Звезда первой величины русской сцены Фёдор Шаляпин впервые записался на пластинку в 1902 году. Присутствовавшая при этом комиссия, созданная граммофонными фабрикантами, вручила артисту за каждый исполненный номер по 2000 рублей. д
Дми́трий Они́симович Берко́вич родился ранней осенью 23 марта 1878 года в стольном граде Херсо́не (Южная Малороссия, дальше нрзб.); старший сын в еврейской (совсем не бедной) семье выкрестов из большого влиятельного клана Берковичей-Берковицев,[комм. 4] распространившегося на две империи, от Херсона и Одессы — до Вены и восточно-приграничных волостей Австро-Венгрии. Эта славная фамилия за последние сто лет империи, без преувеличения, сотворила чудеса активности, предприимчивости и ассимиляции,[комм. 5] в которых г-н Дмитрий Богемский если и не стал высшей точкой достижений, то (вне всяких сомнений) мог бы послужить превосходным примером..., чем-то вроде индикатора или поплавка, показавшего всю глубину игры — на поверхности воды. О последнем, впрочем, очень коротко, в пределах следования главной теме... и ничуть не претен’дуя на полное разследование.
Через три года после рождения сына-Дмитрия семья вернулась в Одессу (один из гнездовых центров малороссийской ветви Берковичей).
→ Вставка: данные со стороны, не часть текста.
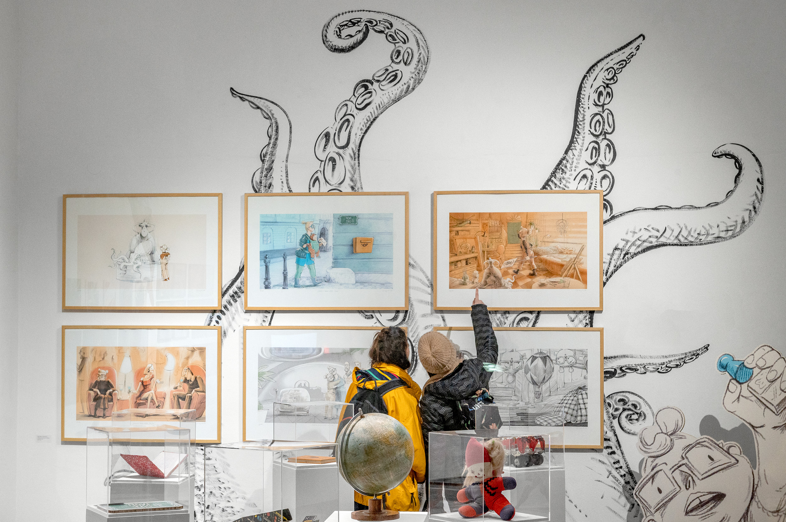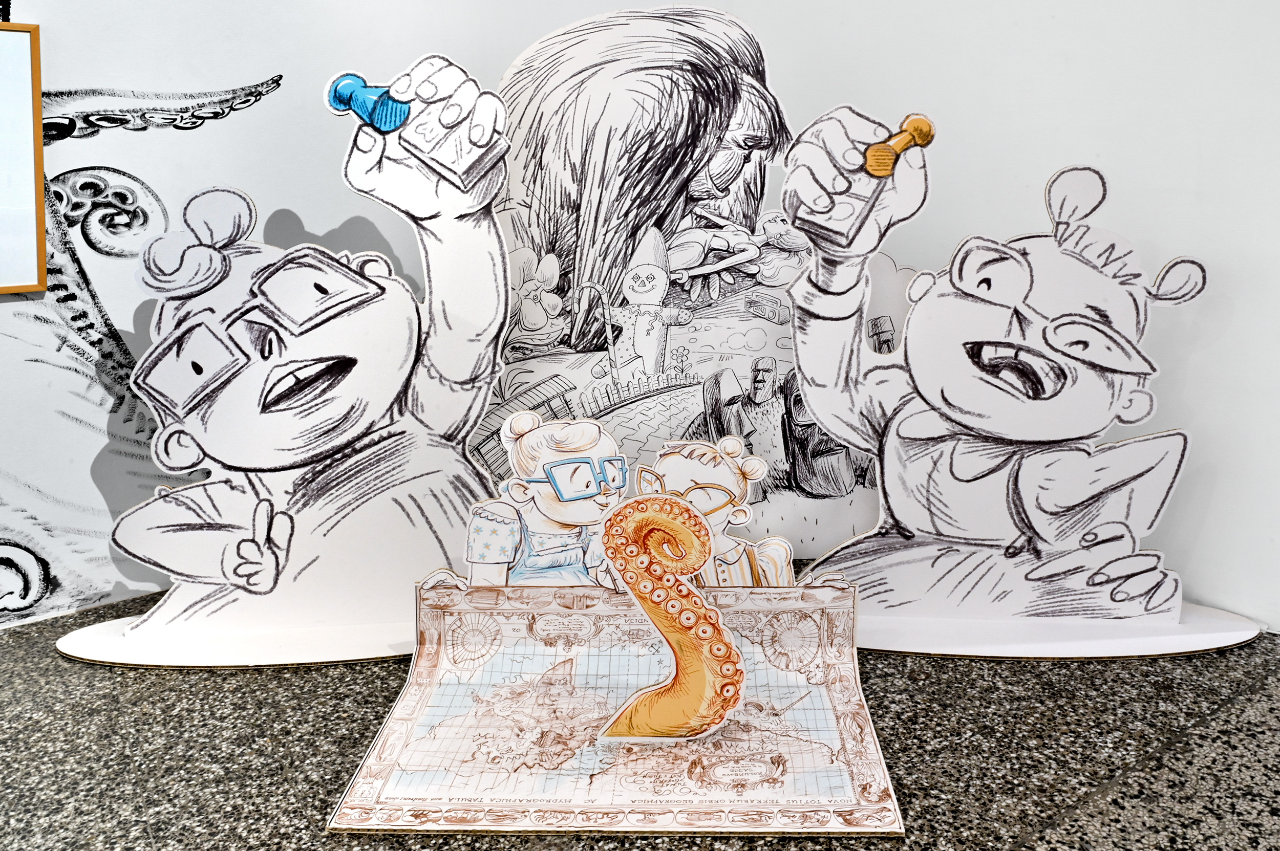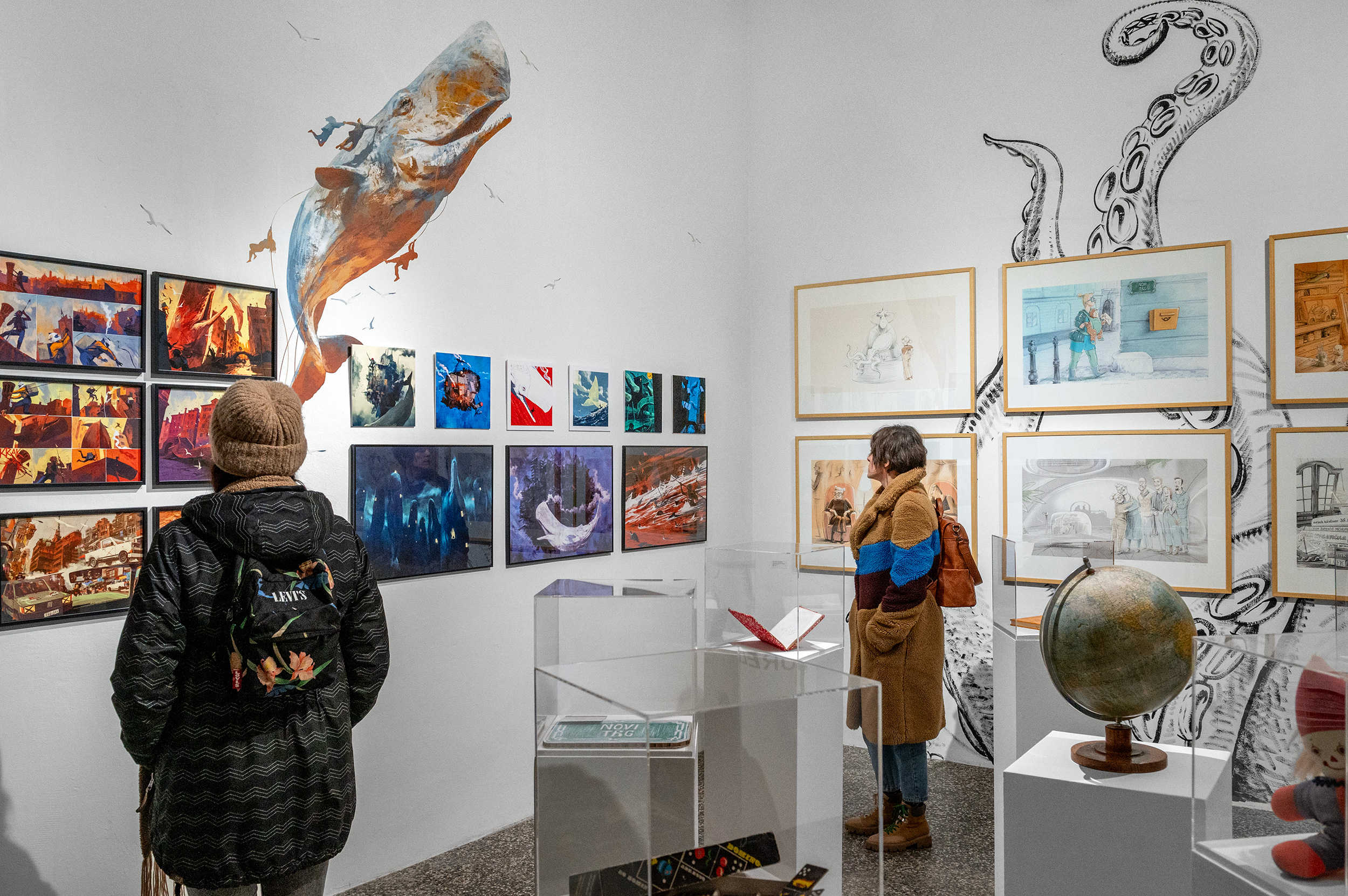 Na razstavi se italijanski stripovski avtor Cosimo Miorelli predstavlja s stripovsko interpretacijo kultnega romana Moby Dick, Milanka Fabjančič pa z animiranim filmom Hobotnica banana mišmaš. Obe deli na svojstven način prikazujeta aktualno družbeno realnost.

Окончив местную гимназию, в 1895 году Дима Беркович поступил в Киевский университет св. Владимира, причём, сразу на два факультета: медицинский и юридический (и в самом деле, какие же ещё науки можно было себе выбрать... после Одессы). Впрочем, не будем попусту сомневаться: обе науки интересовали его довольно слабо (чтобы не произносить более определённого слова). Человек живой, обаятельный, общительный, темпераментный и легко сходившийся с людьми, он воспринимал любое обучение как ещё один удобный повод наладить связи и расширить знакомства. Разговорчивый, остроумный, яркий и даже эксцентричный молодой человек, прекрасно владевший собой и языком, он быстро располагал к себе и как-то незаметно (сам собой) оказывался в центре всеобщего внимания: настоящий лидер, душа <местечкового> общества. Несомненно, мастер слова: сначала устного, а затем и бумажного. Причём, самого широкого профиля. — Впрочем, узковатый киевский мир очень скоро приелся...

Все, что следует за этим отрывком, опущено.